This paper investigates how material well-being has changed over time for those at the bottom of the distributions of income and consumption. We document the sharp differences between recent trends in measured income and consumption, focusing on families headed by a single mother. Since the early 1990s, income in the bottom decile has fallen by nearly 30 percent, while income has risen by more than 15 percent for the fourth and fifth deciles. The trends for consumption, on the other hand, show neither a sharp decline at low percentiles nor a large increase at higher percentiles. These patterns are evident in two income and two consumption data sources. We then examine several explanations for these differences. We argue that it is unlikely that reported income provides a consistent measuring stick in recent years due to large changes in both the sources of income and the reporting rates of the main income sources for single mothers during this period. Accounting for changes in the characteristics of single mothers can reconcile most of the income consumption difference above the bottom decile. For the bottom decile, simulations accounting for transfer under- reporting can account for much of the reported income decline.
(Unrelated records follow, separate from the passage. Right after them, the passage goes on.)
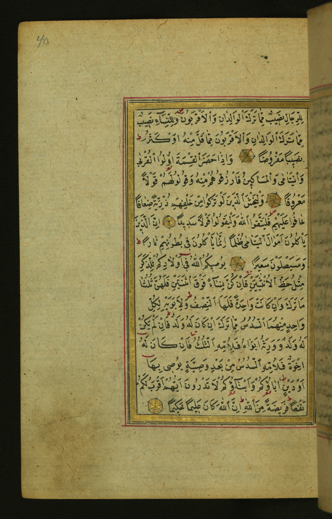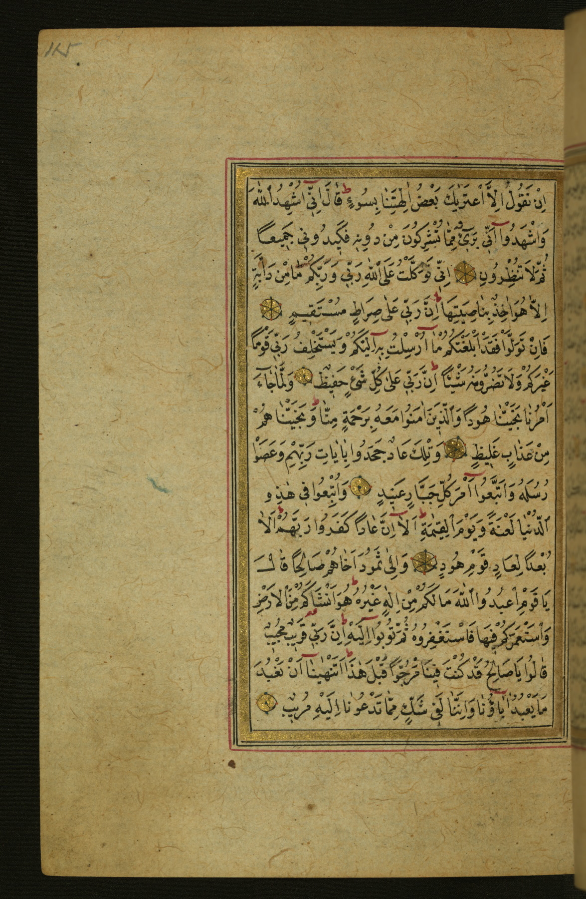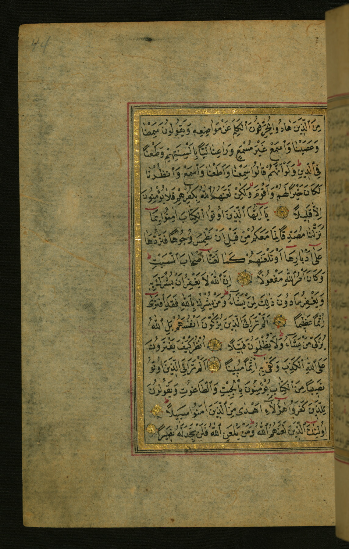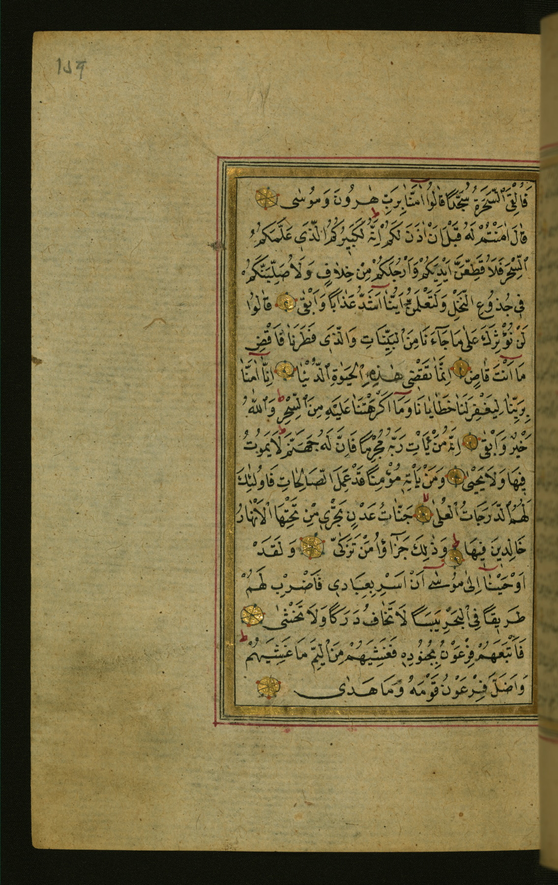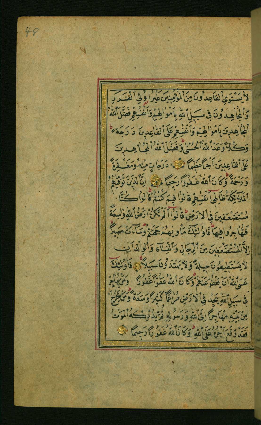 This small, illuminated single-volume copy of the Qurʾan was produced in Ottoman Turkey in 1282 AH / 1865-6 CE by Muḥammad ibn Muṣṭafá Izmīrī, a pupil of al-Rudūsī. The colophon in ijāzah script indicates that the present codex is the twenty-first copy executed by him (fol. 304b). The manuscript opens with an illuminated double-page incipit with the verses of chapters 1 (Sūrat al-fātiḥah) and 2 (Sūrat al-baqarah) (fols. 1b-2a). The text is written in naskh script in black ink with reading marks in red. Verses are separated by illuminated discs with colored dots and chapter headings are in riqāʿ script in white ink. Polychrome medallions in the margins indicate textual divisions and prostration. The binding of black leather is contemporary with the manuscript and decorated with a tooled and gold-painted geometric design enclosed by gold frames on the upper and lower boards.
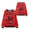 The text “MERRY KRAMPUS” and “NAUGHTY BRATS” is woven directly into the classic “ugly sweater” pattern, which is complete with traditional white snowflakes and geometric borders. This juxtaposition of the cozy, traditional knit-style aesthetic with the hilariously dark imagery is what makes this sweater a work of art. This isn’t a cheap, stiff print; it’s a high-quality, all-over-print (AOP) design that wraps around the entire garment, ensuring you look fantastic from every possible angle.
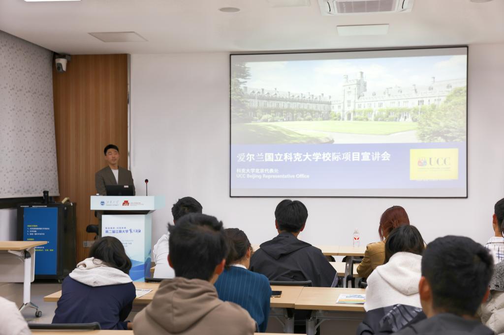 UCC北京代表处招聘专员赵子豪为学院本科生作联合培养项目宣讲,详细介绍项目的课程设置、申请条件及奖学金政策。该项目旨在为爱一帆
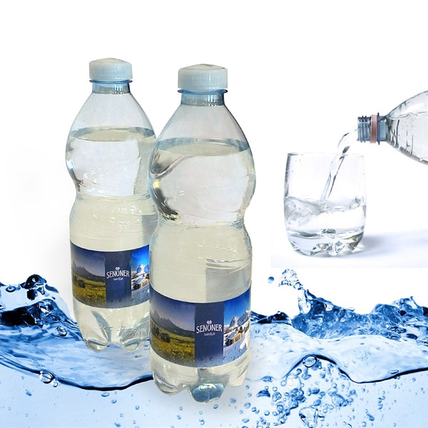 Bottiglietta con acqua minerale naturale o frizzante in PET da 0,5L con etichetta personalizzata in quadricromia.
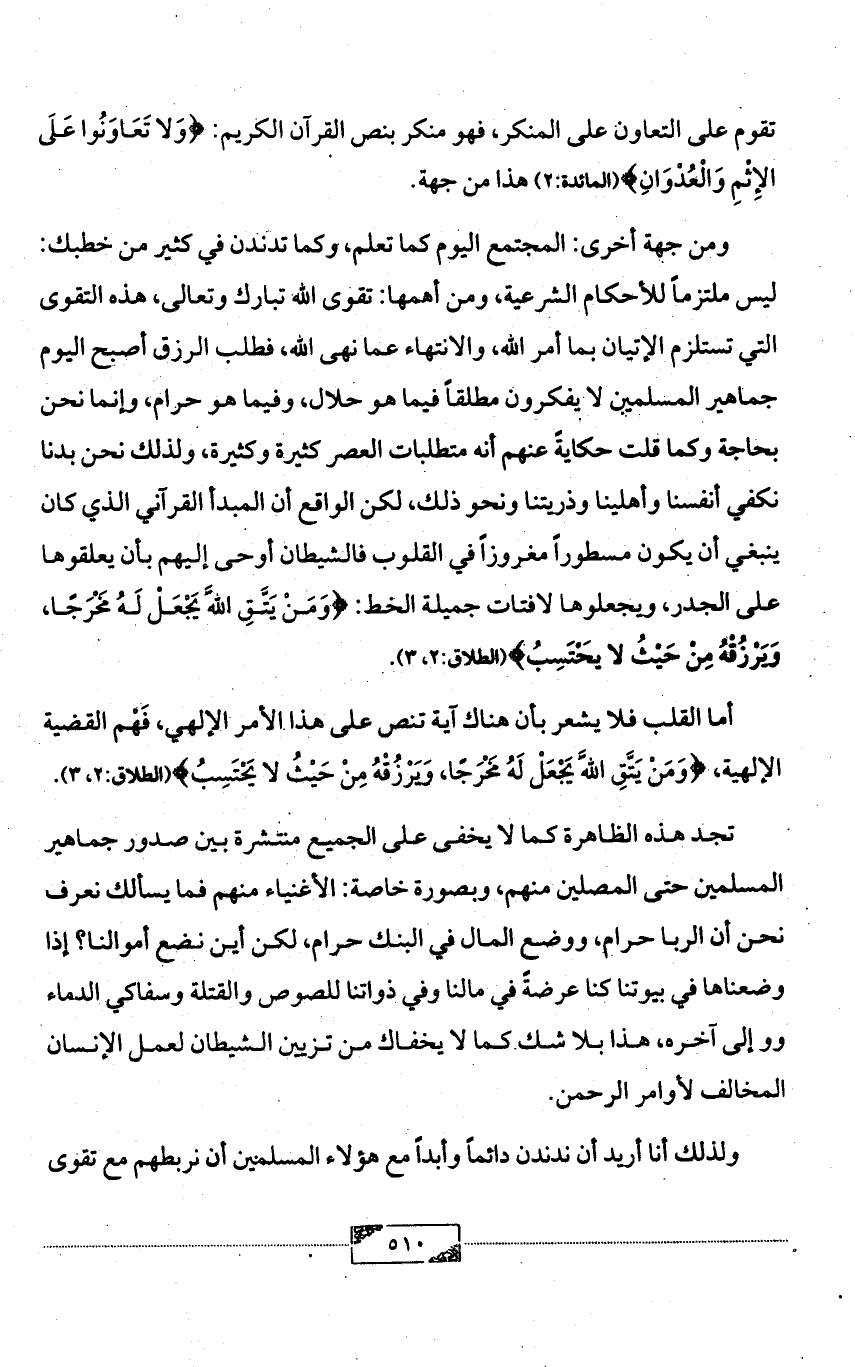 ومن جهة أخرى: المجتمع اليوم كما تعلم، وكما تدندن في كثير من خطبك: ليس ملتزماً للأحكام الشرعية، ومن أهمها: تقوى الله تبارك وتعالى، هذه التقوى التي تستلزم الإتيان بما أمر الله، والانتهاء عما نهى الله، فطلب الرزق أصبح اليوم جماهير المسلمين لا يفكرون مطلقاً فيما هو حلال، وفيما هو حرام، وإنما نحن بحاجة وكما قلت حكايةً عنهم أنه متطلبات العصر كثيرة وكثيرة، ولذلك نحن بدنا نكفي أنفسنا وأهلينا وذريتنا ونحو ذلك، لكن الواقع أن المبدأ القرآني الذي كان ينبغي أن يكون مسطوراً مغروزاً في القلوب فالشيطان أوحى إليهم بأن يعلقوها على الجدر، ويجعلوها لافتات جميلة الخط: {وَمَنْ يَتَّقِ اللَّهَ يَجْعَلْ لَهُ مَخْرَجًا، وَيَرْزُقْهُ مِنْ حَيْثُ لا يَحْتَسِبُ} (الطلاق:2، 3).
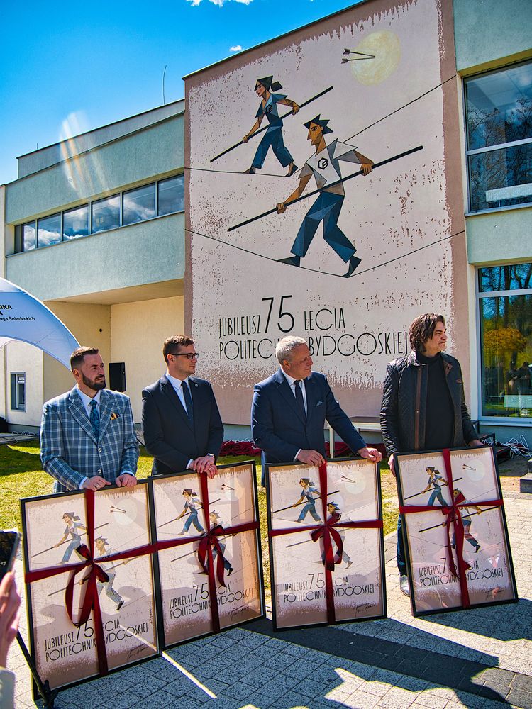 Politechnika Bydgoska świętuje w tym roku swoje 75 „urodziny”. Historia Politechniki Bydgoskiej – wówczas Wieczorowej Szkoły Inżynierskiej – rozpoczęła się wraz z powstaniem Wydziału Inżynierii Mechanicznej, w roku 1951. Wydarzenie to stanowiło także początek szkolnictwa wyższego w Bydgoszczy. Przez 75 lat istnienia uczelni, Wydział nieprzerwanie funkcjonuje w jej strukturach. Obecnie realizuje szereg projektów badawczych i kształci studentów na takich kierunkach jak mechanika i budowa maszyn, mechatronika czy inżynieria w medycynie. Jednym z akcentów tegorocznego jubileuszu jest nowy mural przygotowany na podstawie plakatu Andrzeja Pągowskiego. W uroczystym odsłonięciu uczestniczył wybitny artysta i grafik.
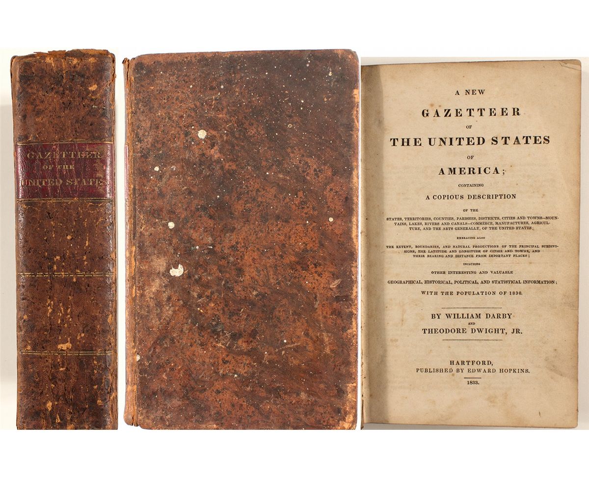 Darby & Dwight; A New Gazetteer of the United States of America...; 1833; Hopkins, Hartford. 630pp with appendix. Red brown leather boards, as original. approximately 5 x 9". spine wear. All original. Prepared in 1832, this two column work is an alphabetical listing of all geographic terms found in America. It includes 1830 census data. Important early work on place names and locations.City: County: State: Date: 1833
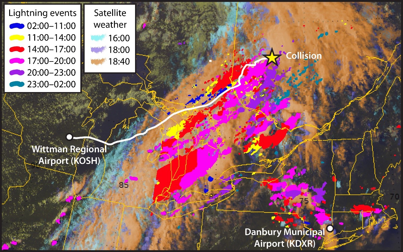 On 29 July 2019, at 1555 Eastern Daylight Time, the Beechcraft Bonanza V35B aircraft (registration N3804X, serial number D-10358) departed Wittman Regional Airport, Wisconsin, United States, for a daytime visual flight rules flight to Danbury Municipal Airport, Connecticut, United States, with only the pilot on board. Shortly after takeoff, the aircraft began to deviate north of the planned route and subsequently into Canadian airspace. At 1912, while in the vicinity of a line of rain showers, thunderstorms, and lightning, the aircraft entered a right turn, descended rapidly and collided with terrain approximately 7 nautical miles northeast of Senneterre, Quebec.
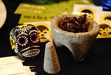 A molcajete ([molkaˈxete]; Mexican Spanish, from Nahuatl molcaxitl) and tejolote (from Nahuatl texolotl) are stone tools, the traditional Mexican version of the mortar and pestle,[1][2] similar to the South American batan, used for grinding various food products.
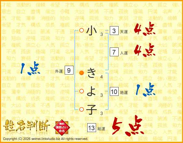 小きよ子さんの総運は13画の5点!

Finally, we consider how these trends translate into changes in well-being by investigating changes in disaggregated consumption and time use. Increases in spending on housing account for much of the increase in consumption in the bottom quintile, while increases in transportation spending account for much of the rise in the second quintile. Two datasets indicate modest improvement in housing quality, but the evidence is less strong at the very bottom. Although expenditures on food away from home and child care also rise, these categories are small, on average. The consumption of non-market time for those in the bottom half of the consumption distribution falls sharply indicating a loss in utility for those families if non-market time is valued above $3/hour. Evidence from time-use surveys suggests that the lost non-market time reflects a shift away from shopping, food production, and housework.

Suggested Citation

  • Bruce D. Meyer & James X. Sullivan, 2006. "Consumption, Income, and Material Well-Being After Welfare Reform," NBER Working Papers 11976, National Bureau of Economic Research, Inc.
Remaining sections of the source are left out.